» WHAT IS BEING ASKED
Without including any pictures, give back all of the data exactly.

» TASK DATA
╔══

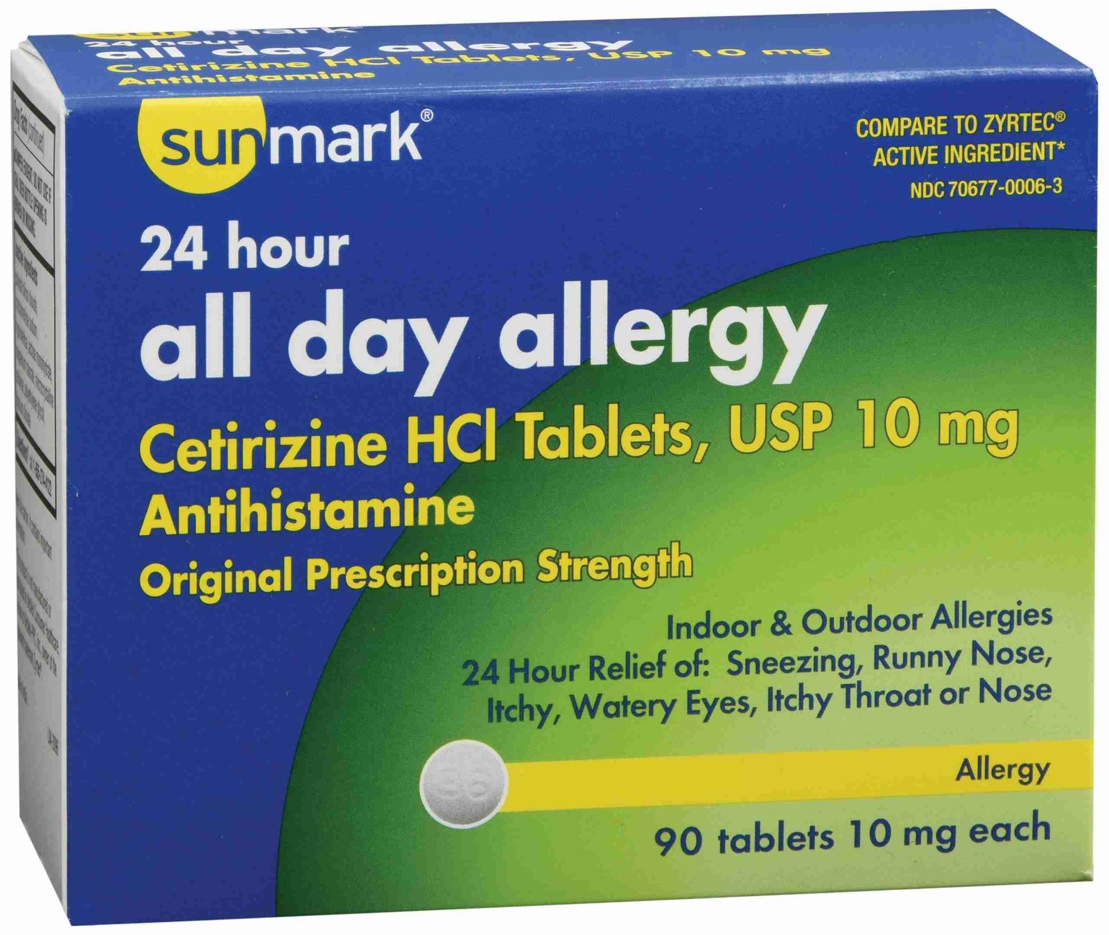 - 10 mg of cetirizine per tablet, 90 tablets per bottle
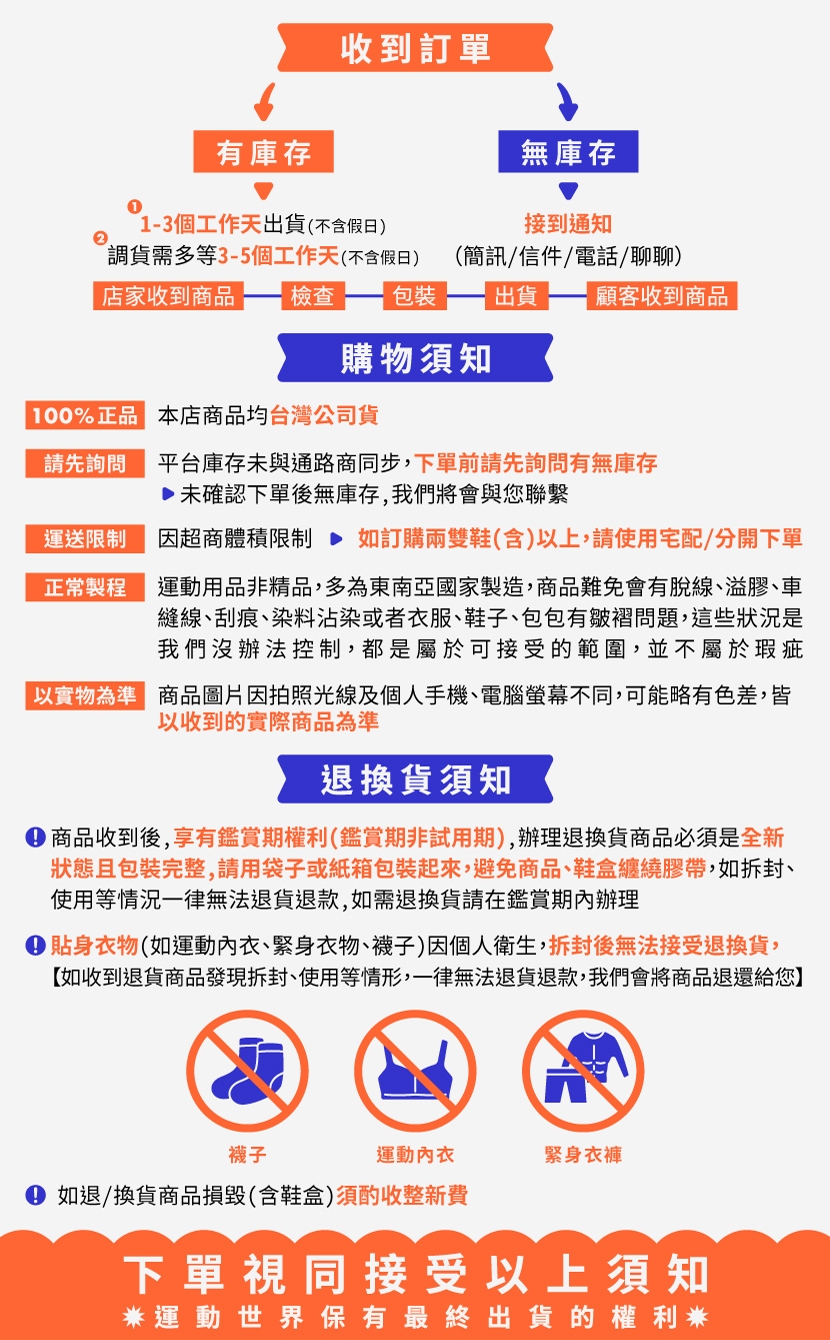 退貨時請注意切勿直接黏貼/書寫文字於商品包裝盒/袋上,並將商品恢復收貨時原包裝,(例如:用一個包裝袋包裝起來)#運動世界 #運動品牌 #台灣正品公司貨如有任何問題歡迎透過客服、Email或者電話詢問,感謝您
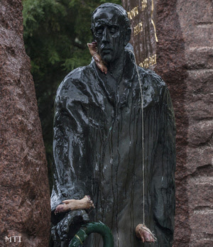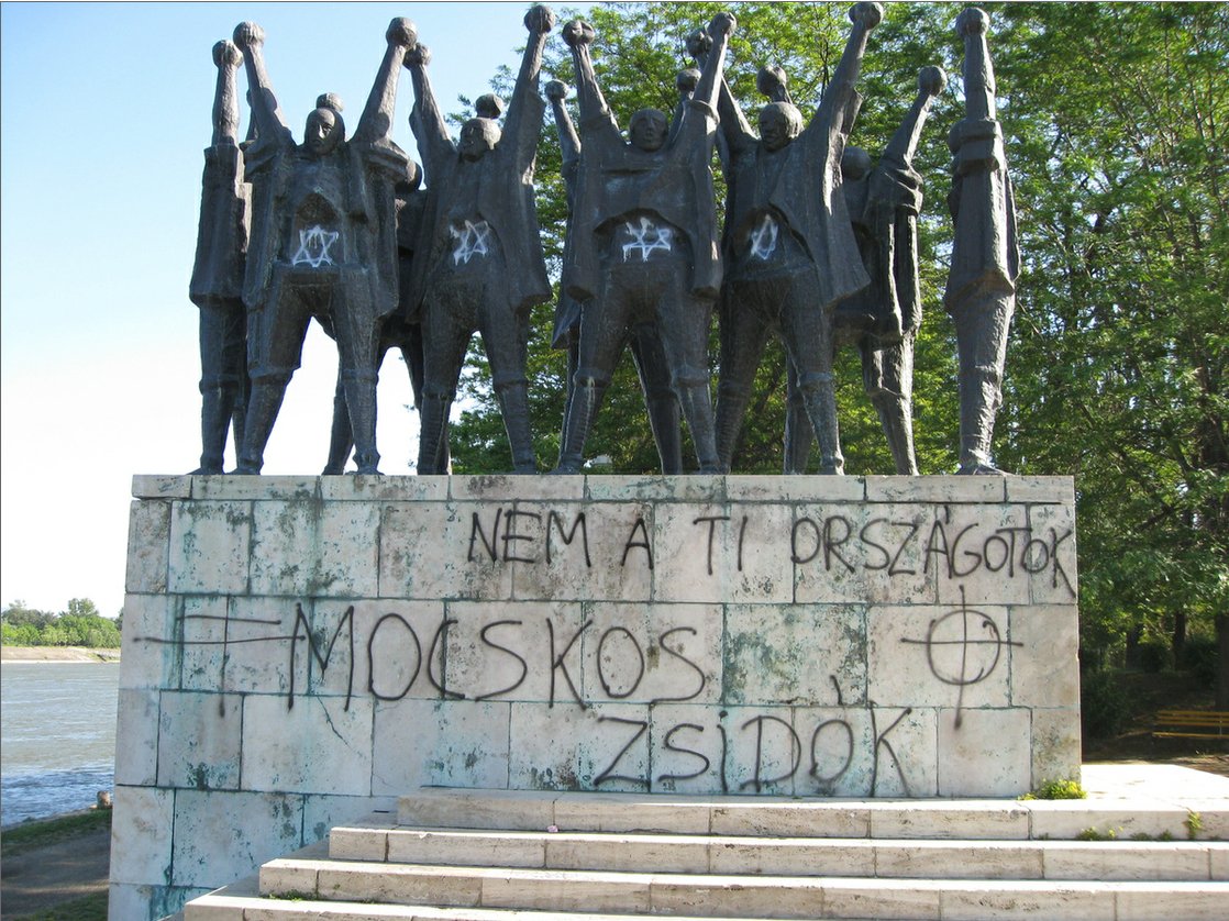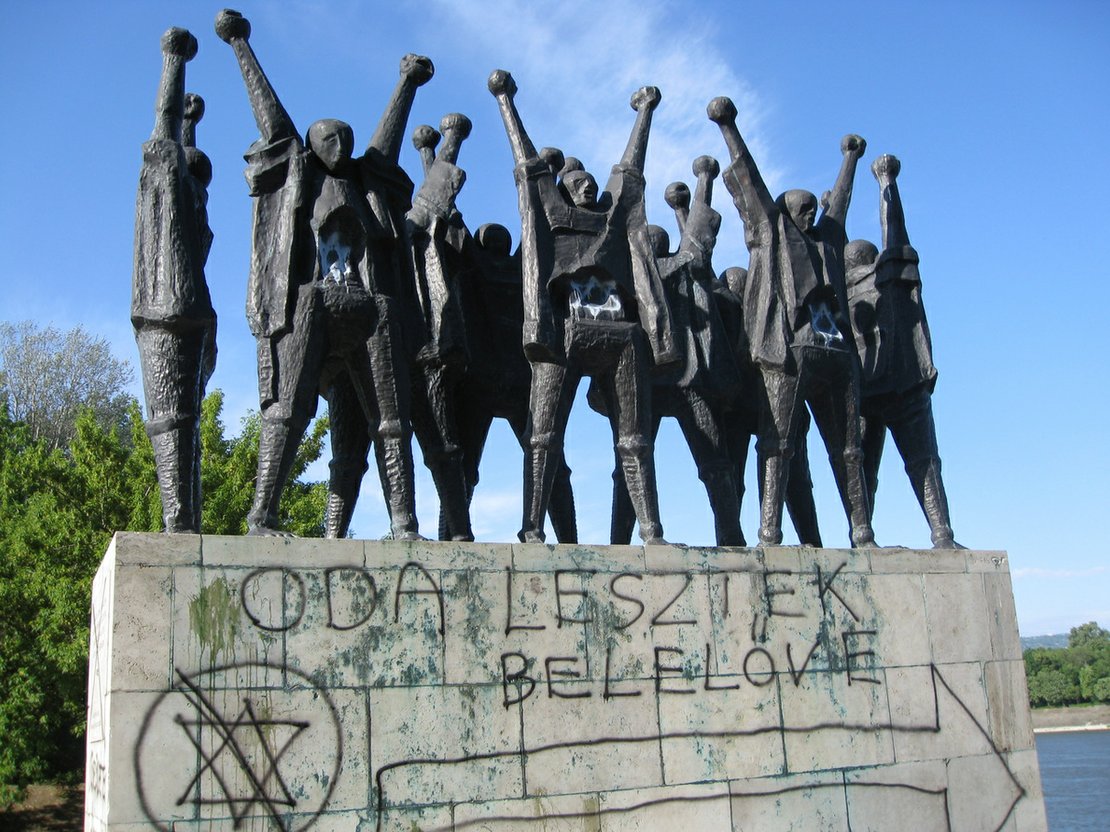 In the second, anti-semitic graffiti was scrawled on a statue commemorating the shooting of Jews into the Danube by the Arrow Cross militiamen towards the end of World War II (hundreds of Jews were lined up at the river's edge, told to take off their shoes, and shot so they fell into the river and were swept away.)
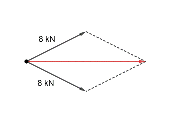 Wyznaczamy wypadkową zgodnie z regułą równoległoboku. Następnie mierzymy długości wektorów składowych i wypadkowego. Za pomocą proporcji wyznaczamy wartość wektora wypadkowego.
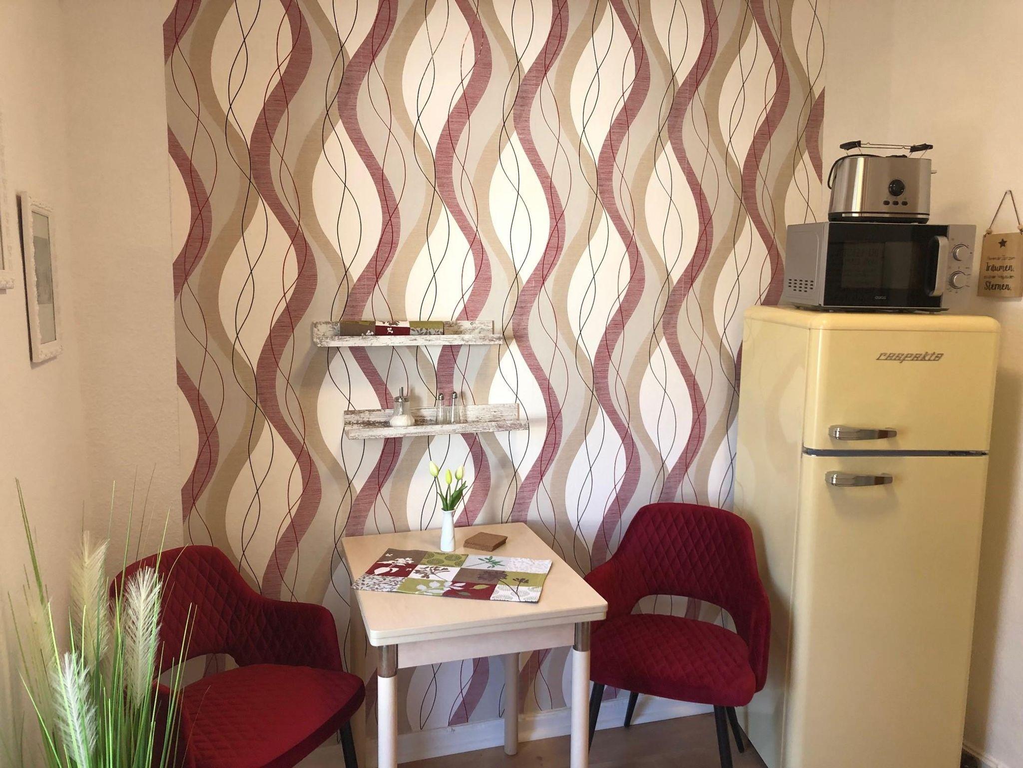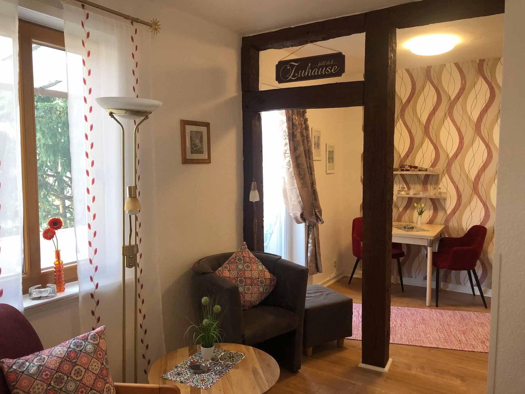 Das 2-Raum Appartement Nr. 5 liegt in der 1. Etage und verfügt über ein Schlafzimmer mit Doppelbett, einen Wohnraum, einen Essplatz, eine kleine Küche mit Geschirrspüler, ein Badezimmer mit Du/WC und einen Balkon mit Gartenmöbeln. TV im Wohnzimmer und auch im Schlafzimmer bieten Abwechslung. Das Appartement wurde Anfang 2022 fertiggestellt und ist komplett neu eingerichtet. Es besticht durch sein offenes Fachwerk im Wohnraum, seine behagliche Atmospähre und der mit sehr viel Liebe zum Detail gewählten Einrichtung. Der Balkon ist überdacht und kann daher auch bei einem leichten Sommerabend genutzt werden. Ideal für einen Kur- oder Urlaubsaufenthalt oder auch für eine längere Geschäftsreise gibt es im Appartementhaus Blume eine Waschmaschine sowie einen Trockner zur eigenen Benutzung gegen eine kleine Gebühr. Ihr Auto steht auf den hauseigenen Parkplätzen entweder direkt am oder hinter dem Haus.

╚══

» SOLUTION
 - 10 mg of cetirizine per tablet, 90 tablets per bottle
 退貨時請注意切勿直接黏貼/書寫文字於商品包裝盒/袋上,並將商品恢復收貨時原包裝,(例如:用一個包裝袋包裝起來)#運動世界 #運動品牌 #台灣正品公司貨如有任何問題歡迎透過客服、Email或者電話詢問,感謝您
 In the second, anti-semitic graffiti was scrawled on a statue commemorating the shooting of Jews into the Danube by the Arrow Cross militiamen towards the end of World War II (hundreds of Jews were lined up at the river's edge, told to take off their shoes, and shot so they fell into the river and were swept away.)
 Wyznaczamy wypadkową zgodnie z regułą równoległoboku. Następnie mierzymy długości wektorów składowych i wypadkowego. Za pomocą proporcji wyznaczamy wartość wektora wypadkowego.
 Das 2-Raum Appartement Nr. 5 liegt in der 1. Etage und verfügt über ein Schlafzimmer mit Doppelbett, einen Wohnraum, einen Essplatz, eine kleine Küche mit Geschirrspüler, ein Badezimmer mit Du/WC und einen Balkon mit Gartenmöbeln. TV im Wohnzimmer und auch im Schlafzimmer bieten Abwechslung. Das Appartement wurde Anfang 2022 fertiggestellt und ist komplett neu eingerichtet. Es besticht durch sein offenes Fachwerk im Wohnraum, seine behagliche Atmospähre und der mit sehr viel Liebe zum Detail gewählten Einrichtung. Der Balkon ist überdacht und kann daher auch bei einem leichten Sommerabend genutzt werden. Ideal für einen Kur- oder Urlaubsaufenthalt oder auch für eine längere Geschäftsreise gibt es im Appartementhaus Blume eine Waschmaschine sowie einen Trockner zur eigenen Benutzung gegen eine kleine Gebühr. Ihr Auto steht auf den hauseigenen Parkplätzen entweder direkt am oder hinter dem Haus.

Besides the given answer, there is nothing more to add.